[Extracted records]
--------------------------------
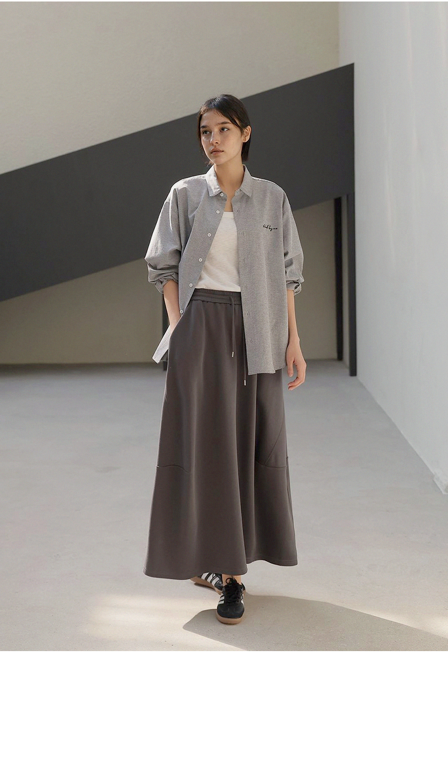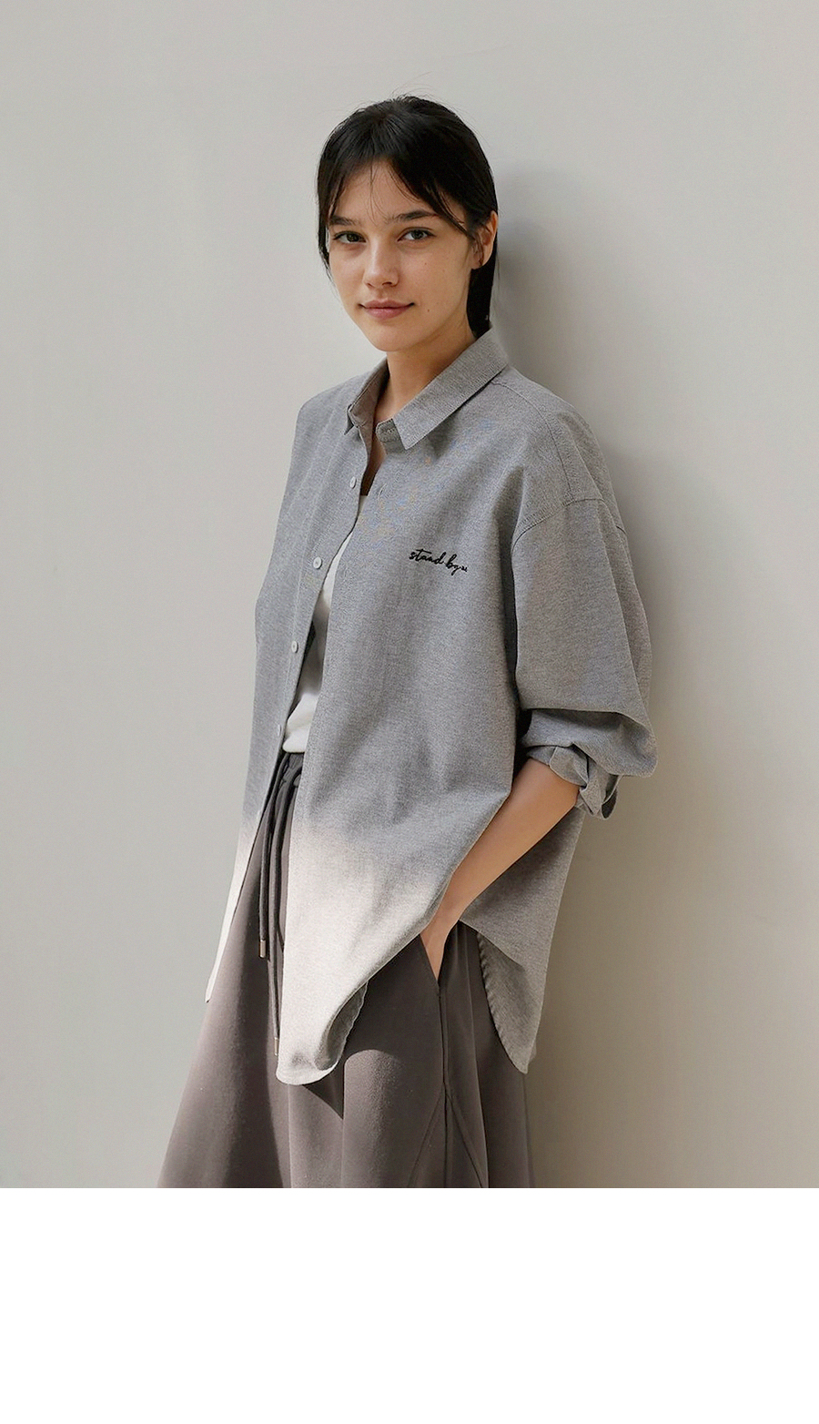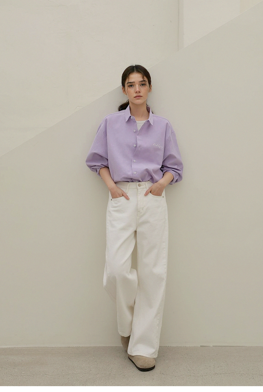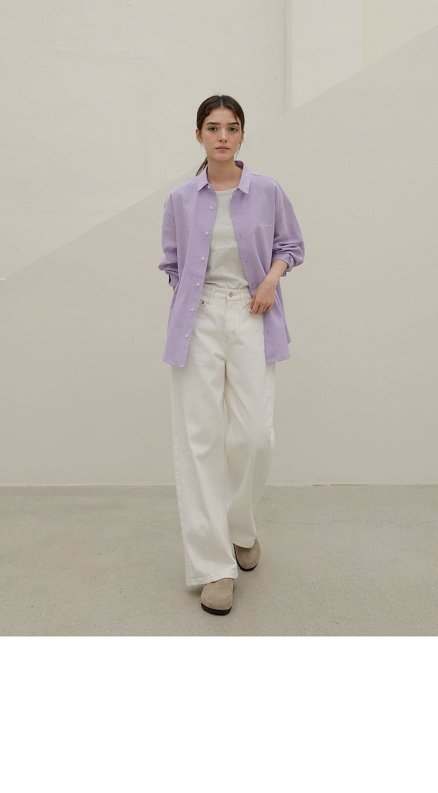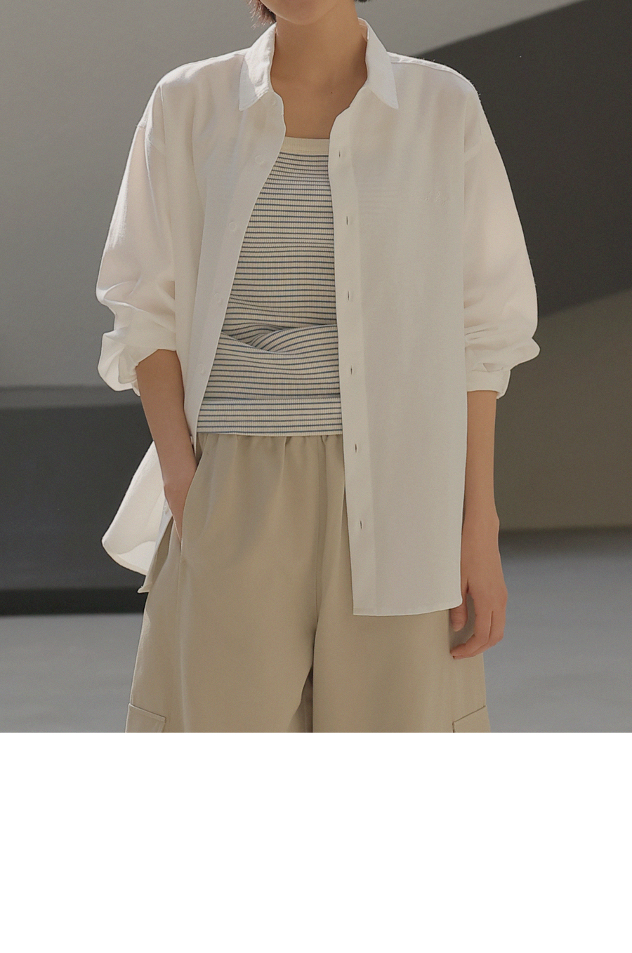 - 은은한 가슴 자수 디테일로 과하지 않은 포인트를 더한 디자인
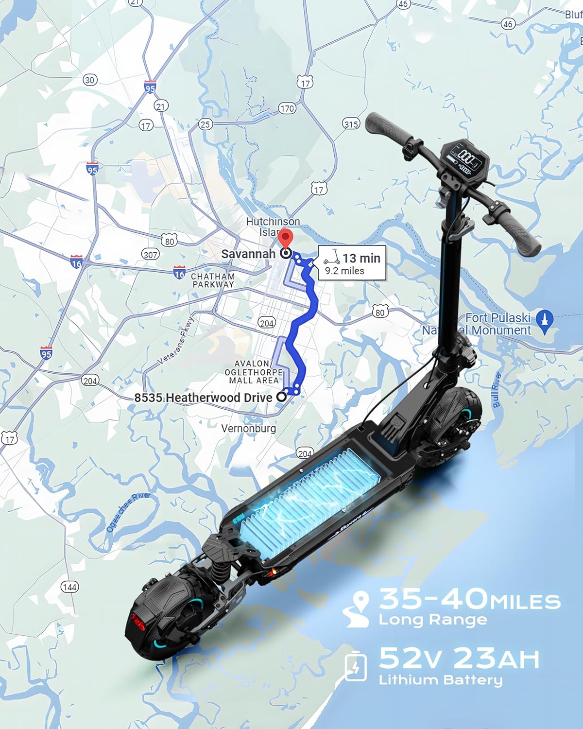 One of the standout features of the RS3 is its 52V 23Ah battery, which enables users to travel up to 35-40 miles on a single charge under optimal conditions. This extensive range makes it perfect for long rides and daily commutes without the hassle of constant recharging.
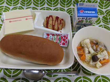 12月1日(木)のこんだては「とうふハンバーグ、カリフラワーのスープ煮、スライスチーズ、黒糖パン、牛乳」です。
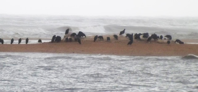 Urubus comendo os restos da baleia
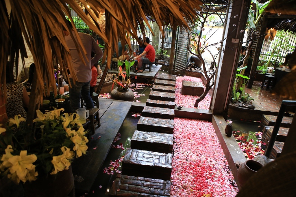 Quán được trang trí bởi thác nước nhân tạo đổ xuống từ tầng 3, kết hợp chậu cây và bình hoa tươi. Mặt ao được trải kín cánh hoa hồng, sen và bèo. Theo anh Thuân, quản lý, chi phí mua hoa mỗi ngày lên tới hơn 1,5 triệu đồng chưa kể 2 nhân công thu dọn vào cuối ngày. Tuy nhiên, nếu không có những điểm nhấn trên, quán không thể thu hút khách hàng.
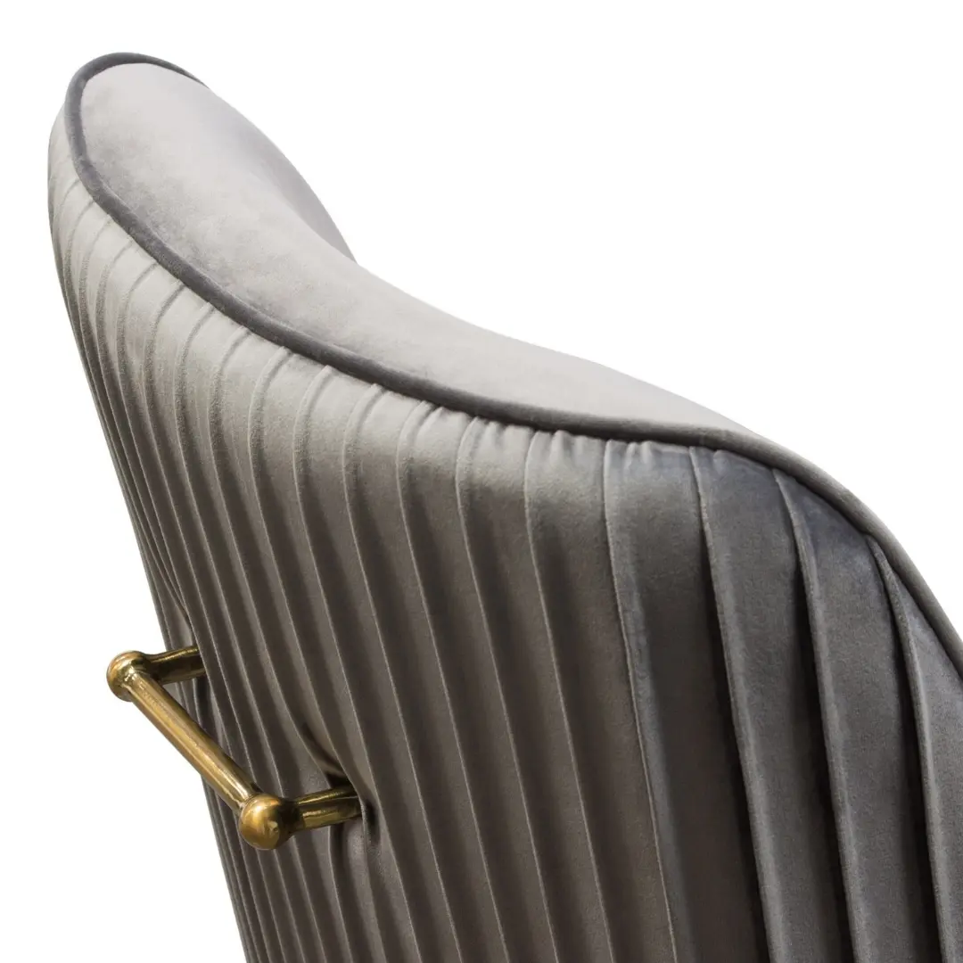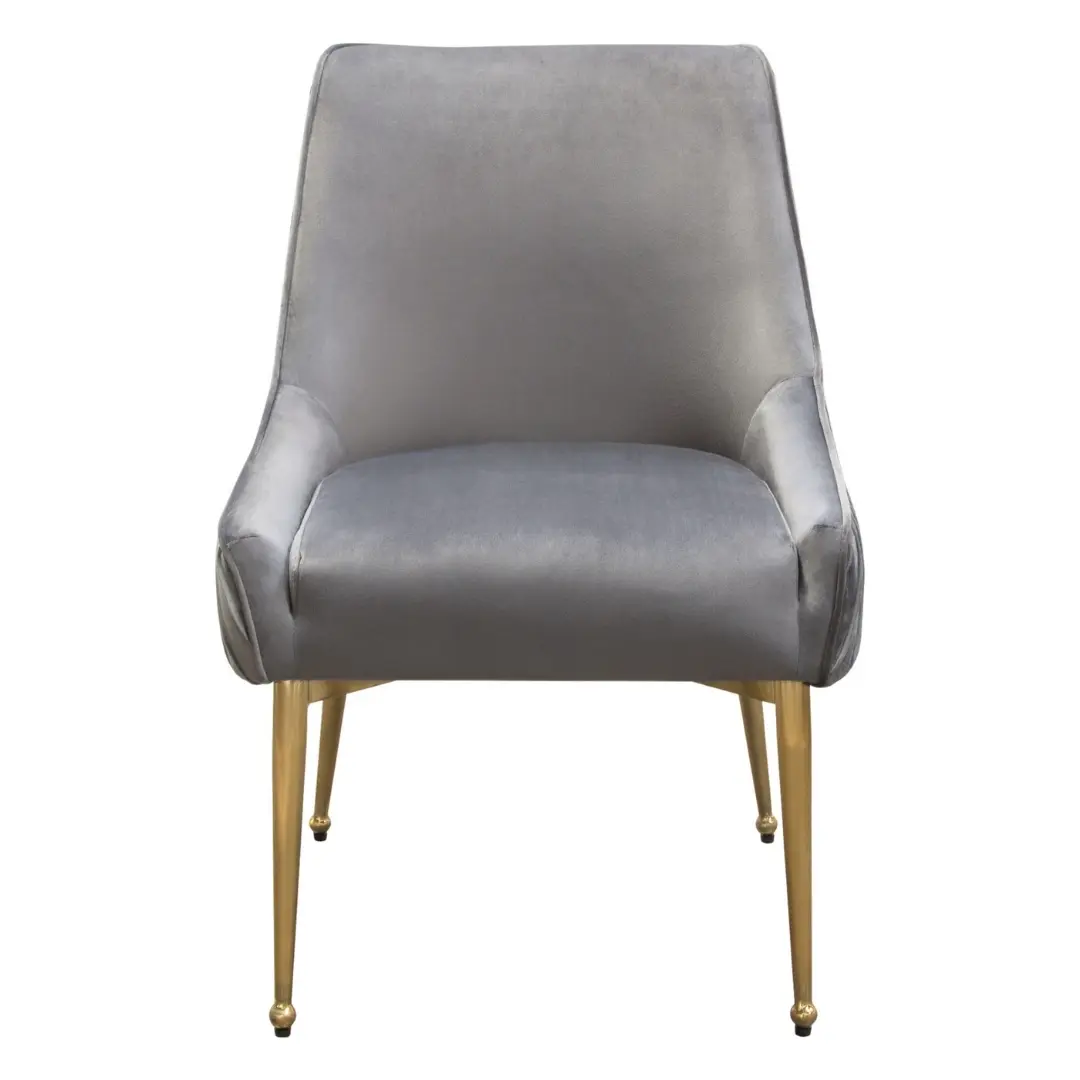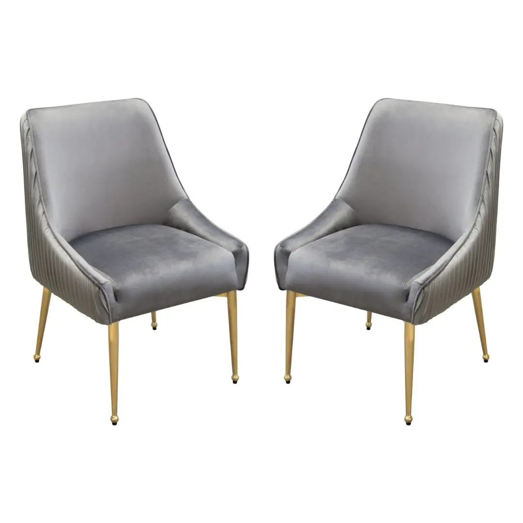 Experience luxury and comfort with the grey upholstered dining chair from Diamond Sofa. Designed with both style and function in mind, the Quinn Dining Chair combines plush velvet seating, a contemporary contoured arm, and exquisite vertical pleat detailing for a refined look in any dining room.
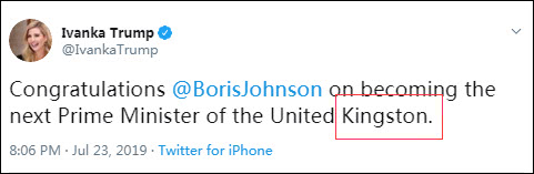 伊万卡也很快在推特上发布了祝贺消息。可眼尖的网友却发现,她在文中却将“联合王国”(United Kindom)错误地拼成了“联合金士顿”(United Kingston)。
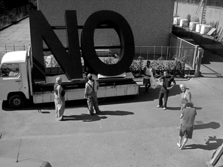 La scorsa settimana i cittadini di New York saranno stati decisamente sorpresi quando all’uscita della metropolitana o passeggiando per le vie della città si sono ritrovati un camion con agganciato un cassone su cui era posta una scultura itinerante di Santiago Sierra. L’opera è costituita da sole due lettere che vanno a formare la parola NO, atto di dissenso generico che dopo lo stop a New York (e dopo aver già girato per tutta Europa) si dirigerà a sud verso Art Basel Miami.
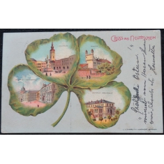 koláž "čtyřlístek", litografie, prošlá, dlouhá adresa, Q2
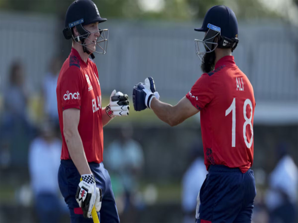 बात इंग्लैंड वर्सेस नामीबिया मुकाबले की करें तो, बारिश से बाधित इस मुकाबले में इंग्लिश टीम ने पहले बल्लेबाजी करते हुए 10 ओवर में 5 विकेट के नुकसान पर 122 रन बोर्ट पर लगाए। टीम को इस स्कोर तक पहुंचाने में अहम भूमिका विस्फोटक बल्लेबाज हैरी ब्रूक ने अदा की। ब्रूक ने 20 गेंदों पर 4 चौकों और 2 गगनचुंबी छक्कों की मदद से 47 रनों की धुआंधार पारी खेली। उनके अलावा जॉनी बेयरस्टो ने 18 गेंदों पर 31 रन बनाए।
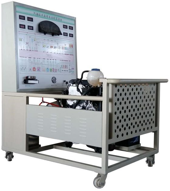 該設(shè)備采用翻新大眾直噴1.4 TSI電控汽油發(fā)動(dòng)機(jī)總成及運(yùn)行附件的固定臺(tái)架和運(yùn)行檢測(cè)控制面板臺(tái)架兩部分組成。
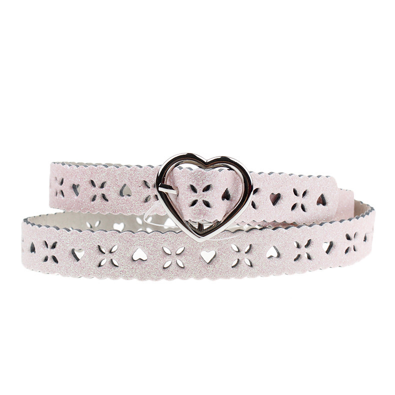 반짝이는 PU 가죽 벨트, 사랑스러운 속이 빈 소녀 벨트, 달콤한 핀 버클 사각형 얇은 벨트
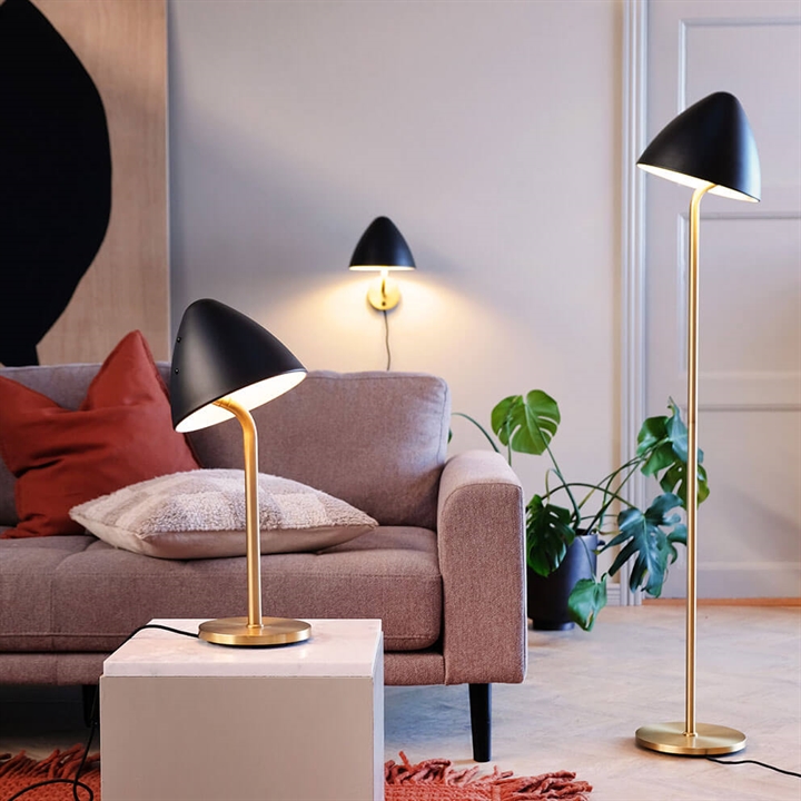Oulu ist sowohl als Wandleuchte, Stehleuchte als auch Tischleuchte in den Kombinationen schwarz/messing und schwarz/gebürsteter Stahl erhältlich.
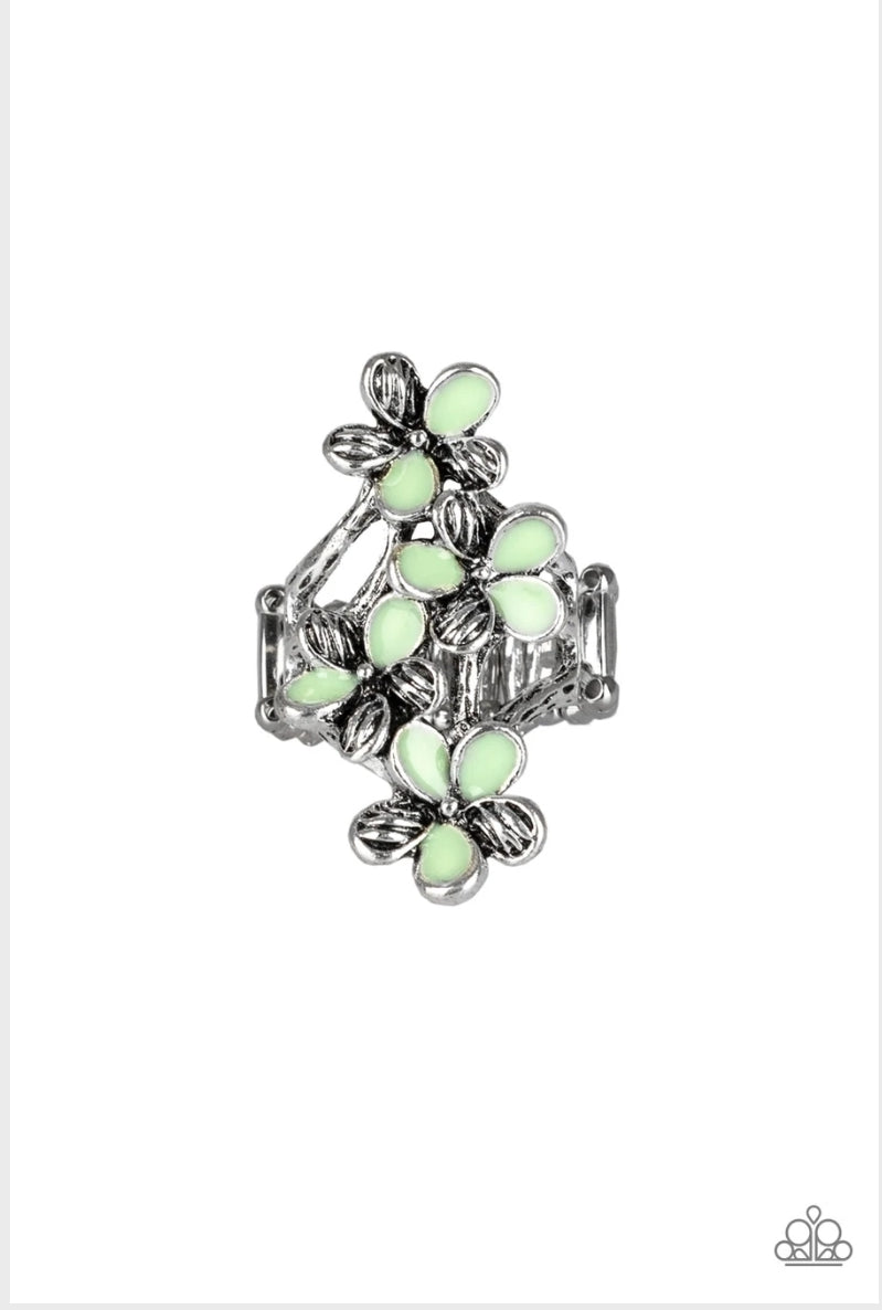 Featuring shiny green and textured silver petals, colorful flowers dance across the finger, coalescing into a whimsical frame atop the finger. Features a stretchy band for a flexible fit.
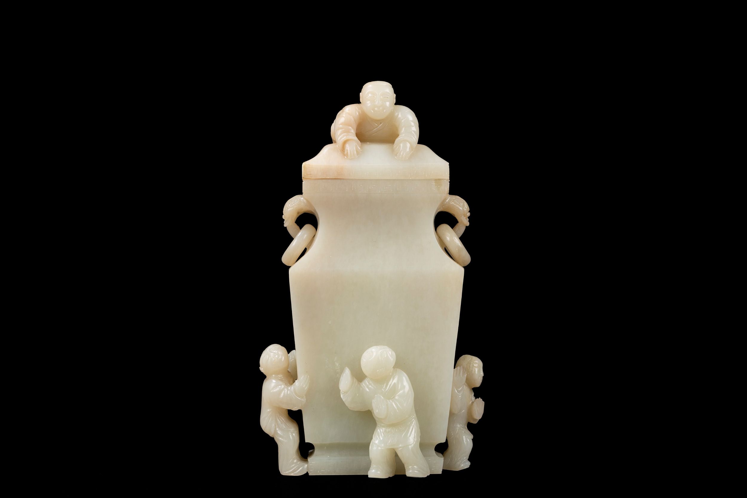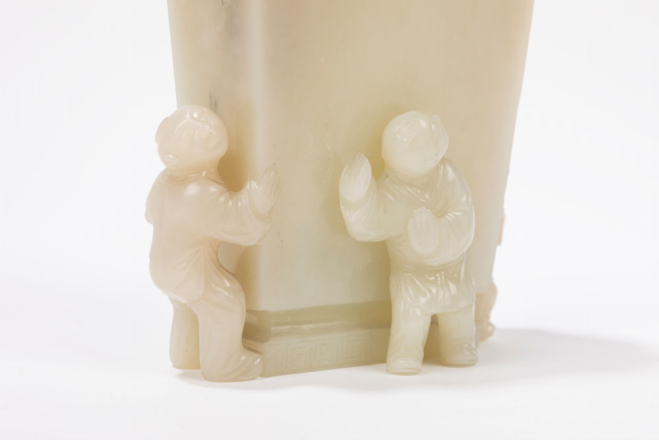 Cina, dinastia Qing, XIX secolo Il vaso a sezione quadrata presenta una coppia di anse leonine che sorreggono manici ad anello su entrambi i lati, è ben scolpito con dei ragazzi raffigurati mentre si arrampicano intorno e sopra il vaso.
--------------------------------
## INSTRUCTIONS FOR THE TASK
A clean copy is needed of the lines above from the one with "One of the standout" up to and including the one with "Urubus comendo os restos da baleia". Please set it down exactly, with no pictures.

## EXERCISE RESPONSE
 One of the standout features of the RS3 is its 52V 23Ah battery, which enables users to travel up to 35-40 miles on a single charge under optimal conditions. This extensive range makes it perfect for long rides and daily commutes without the hassle of constant recharging.
 12月1日(木)のこんだては「とうふハンバーグ、カリフラワーのスープ煮、スライスチーズ、黒糖パン、牛乳」です。
 Urubus comendo os restos da baleia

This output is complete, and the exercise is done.